### [MATERIALS PROVIDED]
= = = =

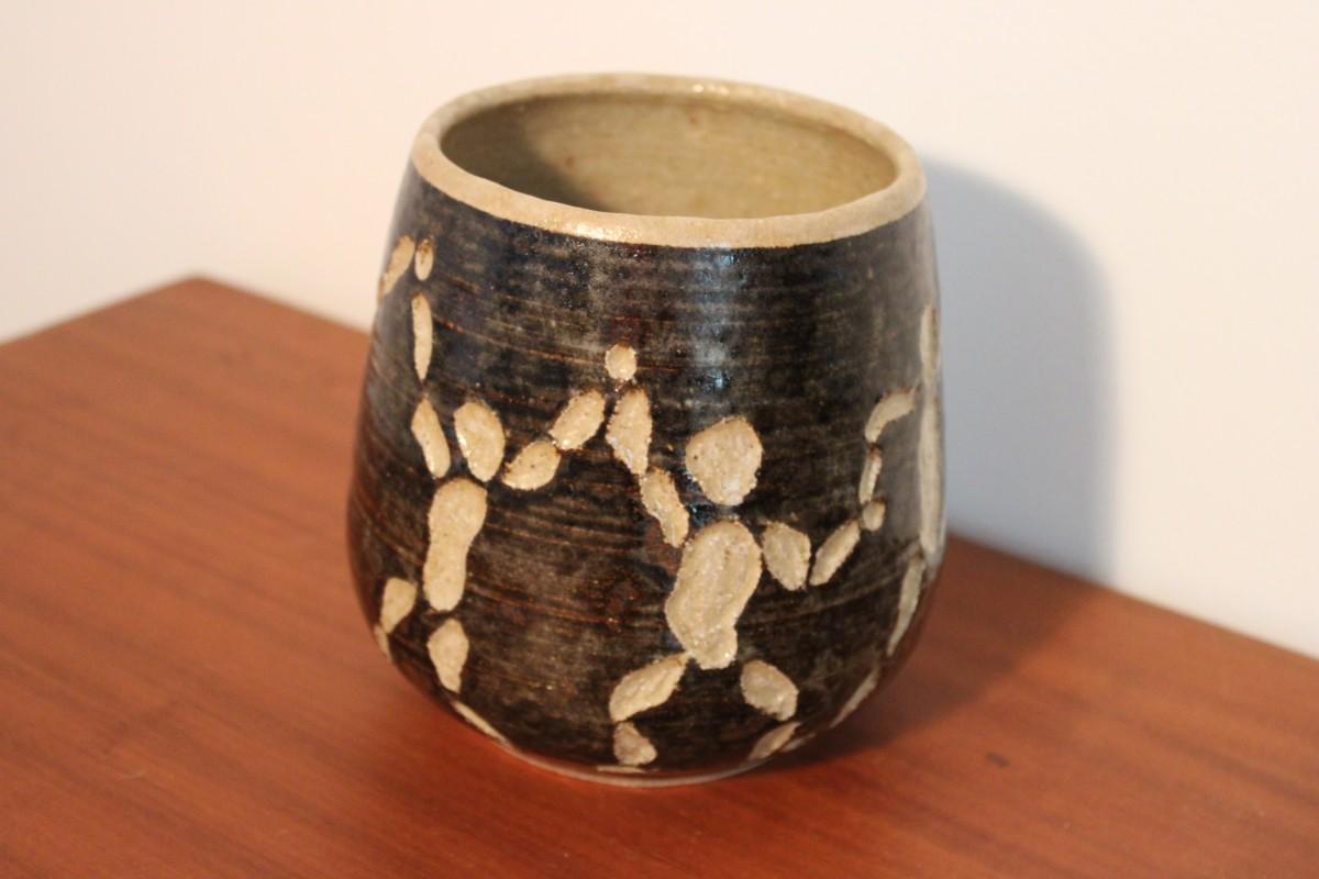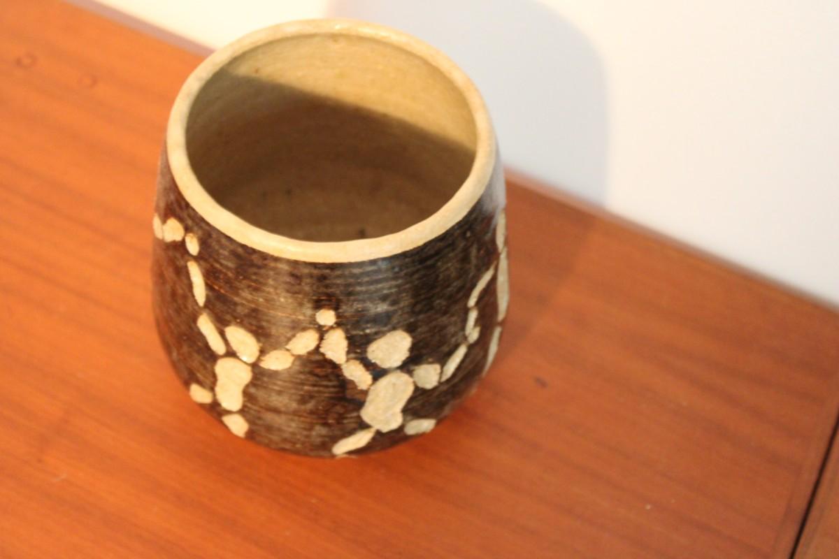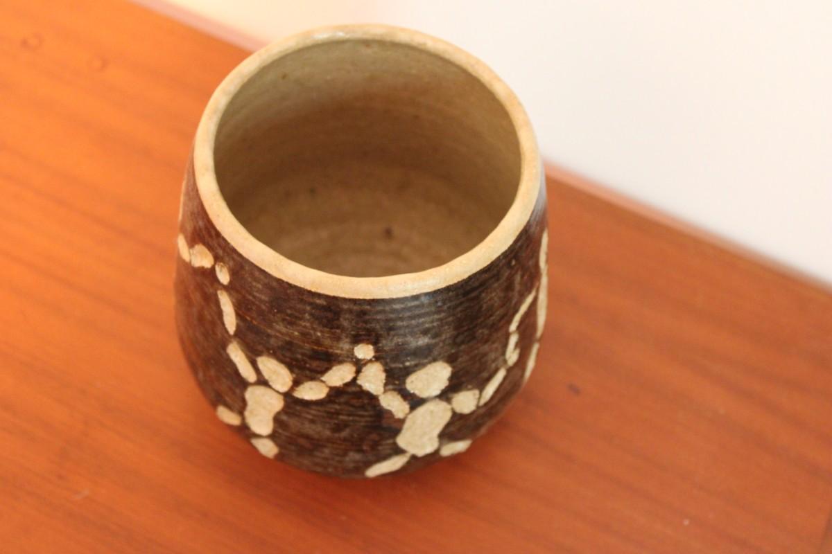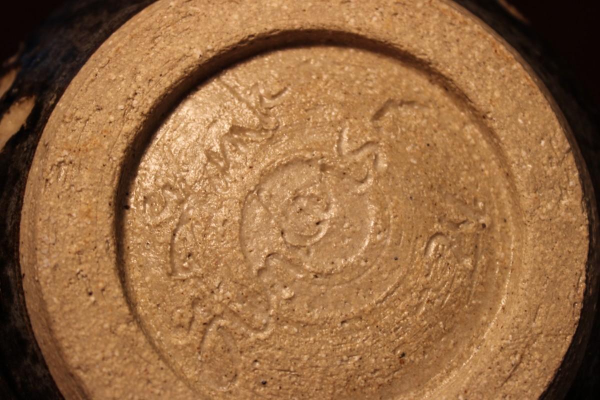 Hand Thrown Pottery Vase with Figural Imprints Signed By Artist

= = = =

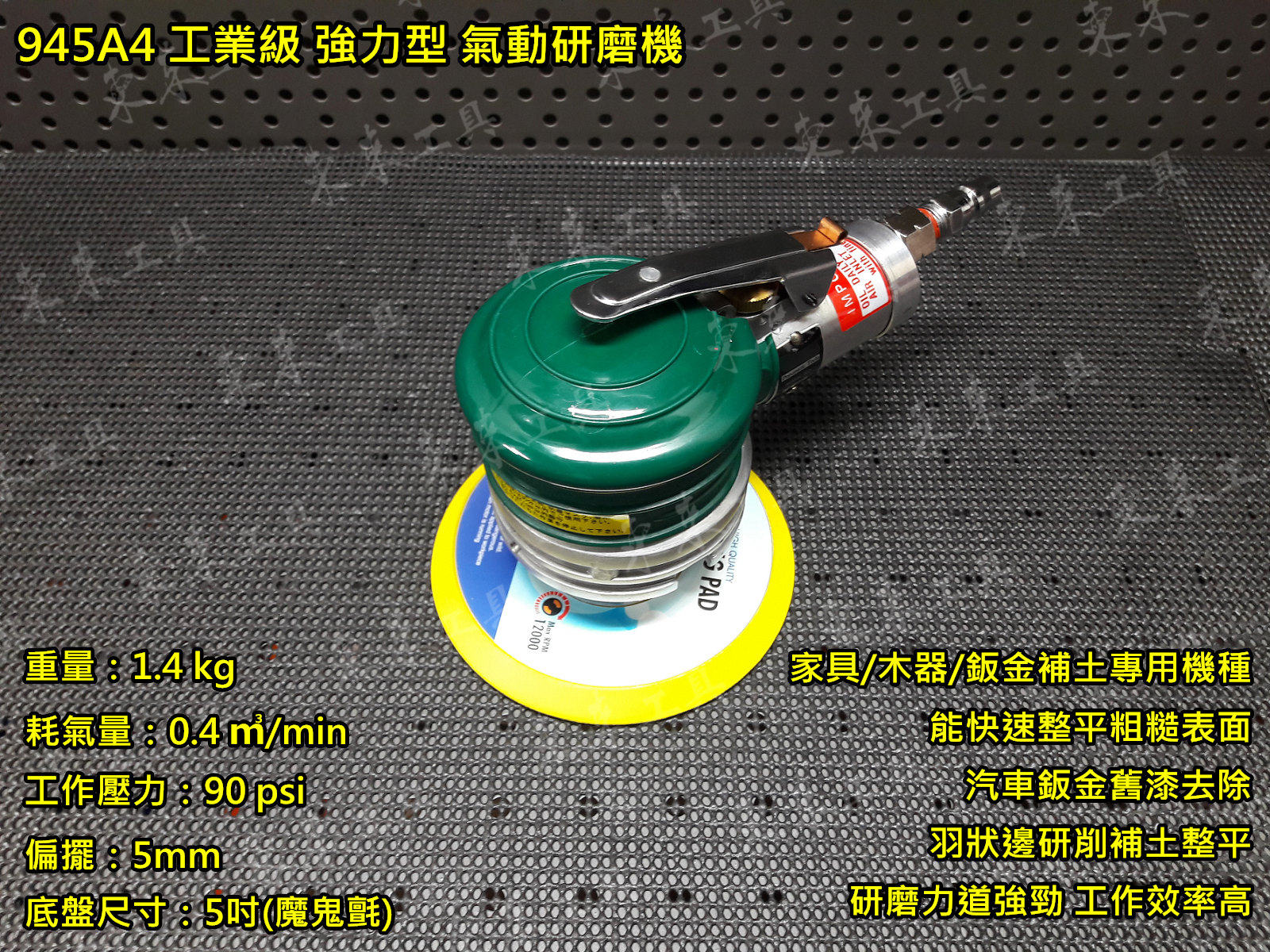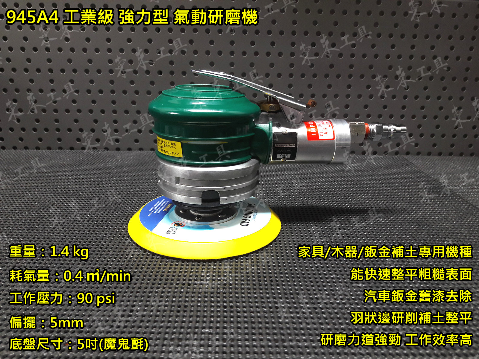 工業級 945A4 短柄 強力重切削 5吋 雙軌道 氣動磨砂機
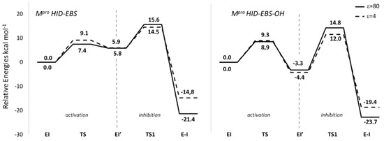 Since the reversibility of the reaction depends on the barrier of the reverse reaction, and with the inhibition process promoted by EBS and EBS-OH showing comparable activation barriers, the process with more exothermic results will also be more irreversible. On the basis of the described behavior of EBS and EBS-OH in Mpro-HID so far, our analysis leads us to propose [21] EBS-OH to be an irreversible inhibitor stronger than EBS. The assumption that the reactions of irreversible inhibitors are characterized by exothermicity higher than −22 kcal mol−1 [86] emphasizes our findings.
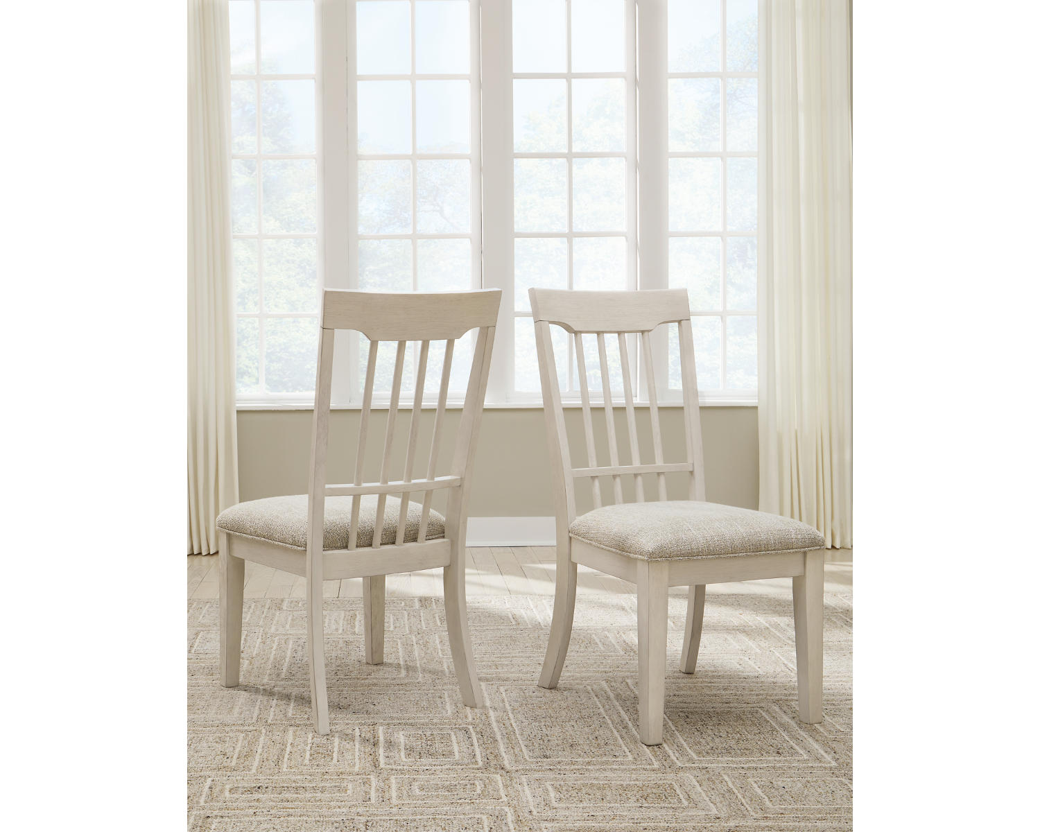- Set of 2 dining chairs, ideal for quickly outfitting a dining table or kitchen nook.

= = = =

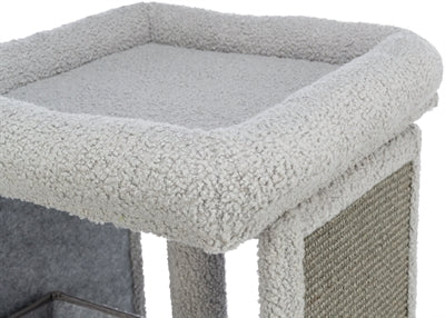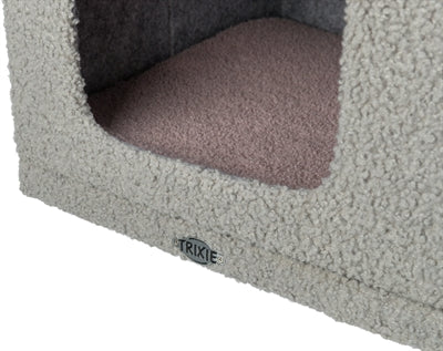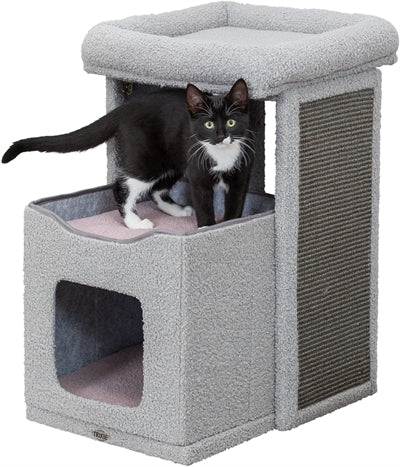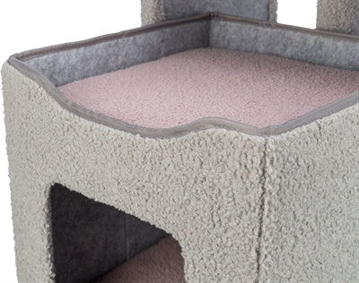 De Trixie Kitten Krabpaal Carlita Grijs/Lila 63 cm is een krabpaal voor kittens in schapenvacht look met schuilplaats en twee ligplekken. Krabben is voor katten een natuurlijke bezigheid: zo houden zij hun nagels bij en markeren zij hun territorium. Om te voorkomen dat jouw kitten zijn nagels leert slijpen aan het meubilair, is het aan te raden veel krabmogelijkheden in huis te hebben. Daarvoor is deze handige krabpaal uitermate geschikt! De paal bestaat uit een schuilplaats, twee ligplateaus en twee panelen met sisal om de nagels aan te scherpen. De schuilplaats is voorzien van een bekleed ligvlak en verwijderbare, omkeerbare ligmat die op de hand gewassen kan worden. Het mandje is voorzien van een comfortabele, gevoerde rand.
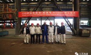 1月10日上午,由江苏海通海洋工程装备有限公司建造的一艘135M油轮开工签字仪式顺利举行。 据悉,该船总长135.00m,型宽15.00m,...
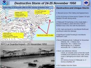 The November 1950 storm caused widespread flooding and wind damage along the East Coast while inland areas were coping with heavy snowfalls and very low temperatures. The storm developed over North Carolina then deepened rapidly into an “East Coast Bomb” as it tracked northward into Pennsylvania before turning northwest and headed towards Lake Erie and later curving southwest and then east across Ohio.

= = = =

### [EXERCISE]
What are the lines in the records above, word for word, from the one containing "Since the reversibility" through the one containing "- Set of 2 dining", both ends included and pictures left out?

### [COMPLETED TASK]
 Since the reversibility of the reaction depends on the barrier of the reverse reaction, and with the inhibition process promoted by EBS and EBS-OH showing comparable activation barriers, the process with more exothermic results will also be more irreversible. On the basis of the described behavior of EBS and EBS-OH in Mpro-HID so far, our analysis leads us to propose [21] EBS-OH to be an irreversible inhibitor stronger than EBS. The assumption that the reactions of irreversible inhibitors are characterized by exothermicity higher than −22 kcal mol−1 [86] emphasizes our findings.
- Set of 2 dining chairs, ideal for quickly outfitting a dining table or kitchen nook.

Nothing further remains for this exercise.